Wednesday, April 27, 2011

Arch Creek Natural Bridge

Arch Creek Natural Bridge

played a big part in my life during the ages of 13 and 14.  This bridge was a natural limestone formation spanning 40 feet (or 60 feet depending on the narrator) across a creek that was once pristine but had grown muddy brown before my arrival on the scene in January of 1950.  The creek was full of ugly garfish and other creatures, though I have to admit that I don't remember seeing alligators in it.  Which is surprising since they seem to be everywhere now.  The bridge is located in North Miami, Florida and is presently a Miami-Dade County park.  But at that time it was simply a rarely traveled, very secluded, narrow, paved road that crossed over the natural limestone formation, and entered Sea Breeze Trailer Park in which we had lived since our arrival from Michigan.  (The natural bridge collapsed in 1973 and a replica has since been rebuilt.)

Living in a trailer, in that large park, was environmentally challenging.  Though the trailer park was full of oak trees dripping with Spanish moss which made for shaded days and pitch dark nights, vicious biting no-seeums, billions of hungry mosquitoes, heat and humidity, mildew and mold, hurricanes, cockroaches, etc. were just some of the things we had to quickly become accustomed to. There was a dense jungle bordering two sides of the park into which we kids never ventured.  There was no place we had not fearlessly ventured back in Michigan but somehow we used our common sense and stayed away from this tightly tangled jungle.  Maybe the hobo camps (trains ran through it), poisonous snakes, and rumors of quicksand stymied any desire for exploration. Arch Creek flowed from the jungle, basked briefly in the sunlight, ducked under the bridge, another blast of sunlight, then disappeared back into the jungle.

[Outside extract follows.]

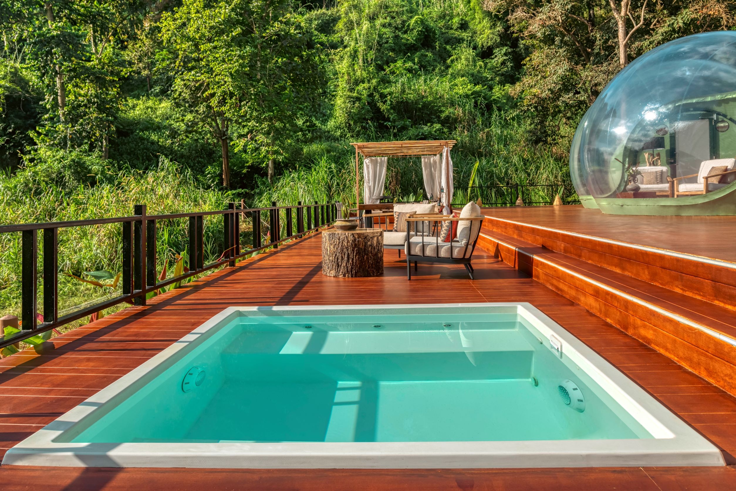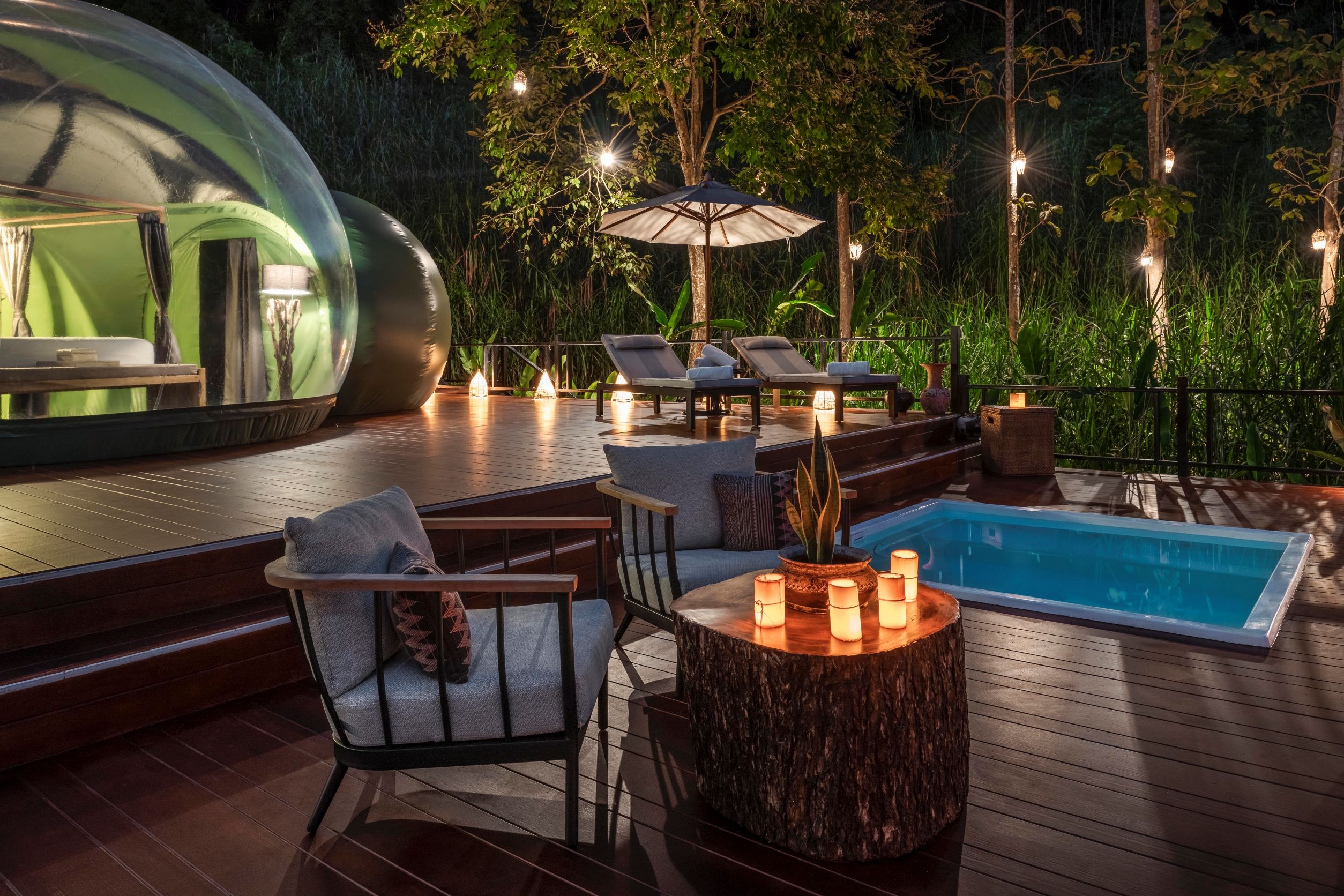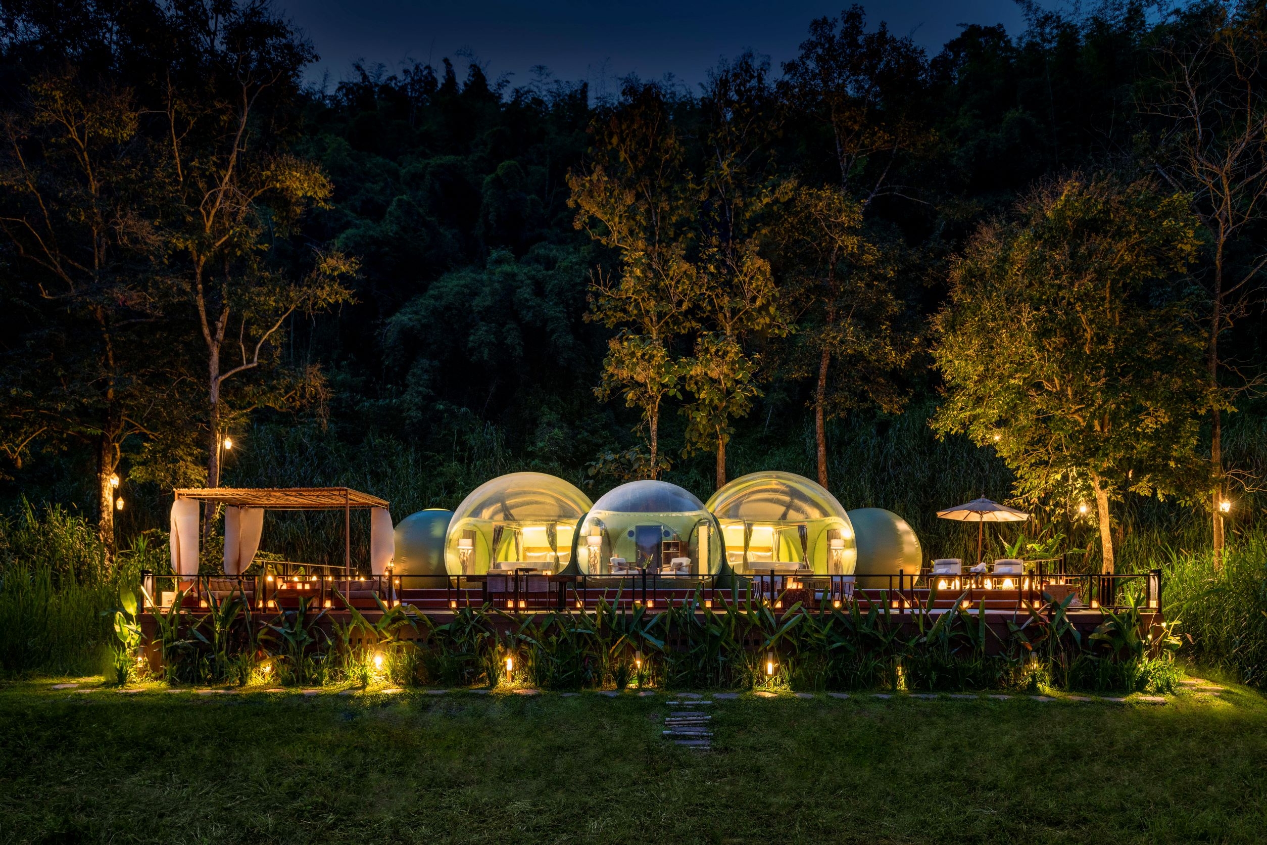 Guests at Anantara Golden Triangle Elephant Camp & Resort can spend the night observing Thailand’s majestic elephants in their natural habitat while staying in a unique transparent two-bedroom Jungle Bubble Lodge.

My friends and I spent countless hours hanging out on the bridge talking and laughing.  Friend Gail told me her father used to swim there when he was young and the water had been clear all the way to the sandy bottom.  That was so hard to believe as one could not see an inch below the muddied surface.

One evening along suppertime, Gail's eight year old brother Boots turned up missing.  We all began looking for him and someone noticed a thick rope that was tied to a branch of an old oak along the creek's edge was now dangling out over the water. The police were informed and they prepared to drag the creek.  As a respectful spectator crowd with front row seats, we perched silently on the metal railing of the bridge and watched them in their small boats dragging a large lethal looking five-pronged hook relentlessly along the bottom, while we listened to the mournful incessant calls of the whip-poor-wills long into the night.  We finally tired and wandered off to our separate homes and left the police to their grisly task.  By early morning we had heard they found Boots upright, the top of his head merely a foot beneath the surface of the water, directly under where we had been sitting, buried nearly to his hips in mud and silt and with a broken leg.  We never knew what happened to him but there was a guess that he had been hit by a car and someone had thrown him over the side. 

A week or so after that on a bright sunny afternoon I took a walk alone to the river.  I suppose I was in a melancholy mood, not particularly depressed, maybe just sad about poor sweet Boots.  I stood on the bridge looking over the railing at the nasty murky water and noticed just over the ledge there sat a huge ugly red necked turkey vulture.  He seemed to be napping as he did not appear to notice me only inches from him.  After a while, for reasons I do not know, I left the bridge and walked around to the edge of the creek itself.  I stood on the high bank next to the vulture and continued to stare down into the water.  I moved closer until my toes were a bit over the edge of the limestone that lined the creek bank and watched the water slowly flowing down below.  I closed my eyes knowing that if I lost my balance I would never climb back out of the water.  I don't know how long I stood there but I did not lose my balance and of course I did not jump or I would not be telling this tale. 

This is but a taste of my experience with the historic Arch Creek Natural Bridge.